◆ TASK TO COMPLETE
Within the records below, reproduce without change the lines from the line that has "野の花ブーケ風の可愛いアレン" through the line that has "Prostory sestávající z", and only those.

◆ AVAILABLE RECORDS
········
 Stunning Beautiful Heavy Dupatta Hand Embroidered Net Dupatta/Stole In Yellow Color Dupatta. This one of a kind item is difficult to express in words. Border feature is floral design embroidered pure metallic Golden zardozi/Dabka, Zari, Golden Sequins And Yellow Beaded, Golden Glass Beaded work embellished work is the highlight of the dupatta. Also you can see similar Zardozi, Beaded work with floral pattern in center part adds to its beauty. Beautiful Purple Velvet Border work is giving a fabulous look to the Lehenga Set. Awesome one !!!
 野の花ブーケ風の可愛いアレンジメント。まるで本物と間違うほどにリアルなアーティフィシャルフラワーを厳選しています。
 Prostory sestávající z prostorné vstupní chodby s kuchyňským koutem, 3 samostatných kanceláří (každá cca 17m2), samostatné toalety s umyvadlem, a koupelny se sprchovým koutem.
········
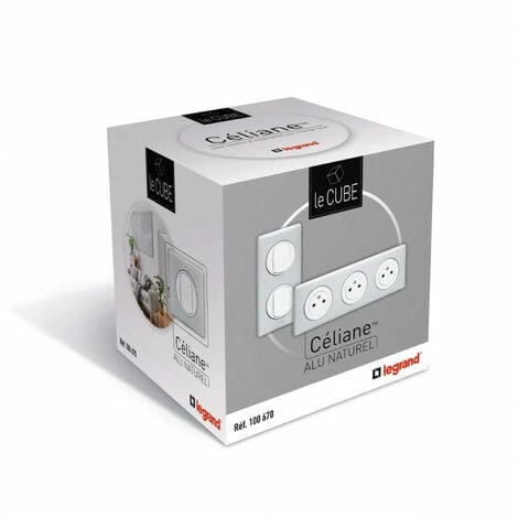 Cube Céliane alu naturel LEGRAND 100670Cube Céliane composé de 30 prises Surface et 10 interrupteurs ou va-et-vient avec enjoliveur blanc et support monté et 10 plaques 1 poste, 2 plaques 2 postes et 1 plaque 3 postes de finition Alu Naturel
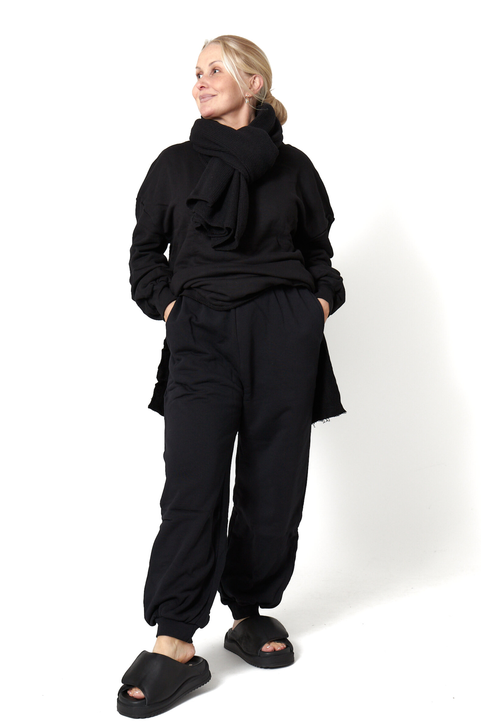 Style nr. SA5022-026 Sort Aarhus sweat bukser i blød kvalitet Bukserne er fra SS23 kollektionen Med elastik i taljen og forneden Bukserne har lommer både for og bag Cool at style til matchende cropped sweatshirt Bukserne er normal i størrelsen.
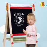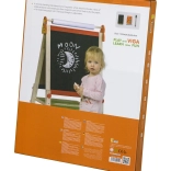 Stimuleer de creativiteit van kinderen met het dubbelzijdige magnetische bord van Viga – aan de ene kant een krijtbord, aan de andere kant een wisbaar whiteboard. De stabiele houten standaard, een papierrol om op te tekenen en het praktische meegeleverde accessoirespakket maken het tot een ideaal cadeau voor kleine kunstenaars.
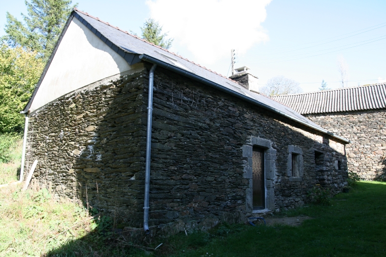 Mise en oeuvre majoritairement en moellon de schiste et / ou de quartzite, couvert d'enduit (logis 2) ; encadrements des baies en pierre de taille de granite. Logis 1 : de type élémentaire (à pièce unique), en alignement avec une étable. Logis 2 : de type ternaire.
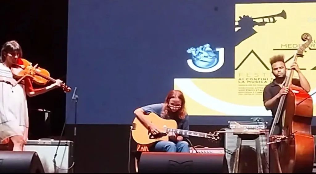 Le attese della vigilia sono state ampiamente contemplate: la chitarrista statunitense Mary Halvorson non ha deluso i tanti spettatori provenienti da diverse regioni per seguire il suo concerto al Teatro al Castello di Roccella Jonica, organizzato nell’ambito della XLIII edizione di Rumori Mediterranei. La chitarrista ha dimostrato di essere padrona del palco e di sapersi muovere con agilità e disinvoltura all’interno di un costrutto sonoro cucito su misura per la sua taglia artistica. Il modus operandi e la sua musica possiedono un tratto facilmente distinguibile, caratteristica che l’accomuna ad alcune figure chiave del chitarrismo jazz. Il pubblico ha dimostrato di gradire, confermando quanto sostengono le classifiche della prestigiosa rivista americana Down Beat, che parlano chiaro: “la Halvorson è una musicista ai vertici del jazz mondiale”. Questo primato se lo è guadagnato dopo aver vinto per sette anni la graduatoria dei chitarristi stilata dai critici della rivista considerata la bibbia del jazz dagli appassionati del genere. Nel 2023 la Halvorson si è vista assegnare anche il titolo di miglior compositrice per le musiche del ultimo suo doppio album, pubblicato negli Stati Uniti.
········
◆ SOLUTION BELOW
 野の花ブーケ風の可愛いアレンジメント。まるで本物と間違うほどにリアルなアーティフィシャルフラワーを厳選しています。
 Prostory sestávající z prostorné vstupní chodby s kuchyňským koutem, 3 samostatných kanceláří (každá cca 17m2), samostatné toalety s umyvadlem, a koupelny se sprchovým koutem.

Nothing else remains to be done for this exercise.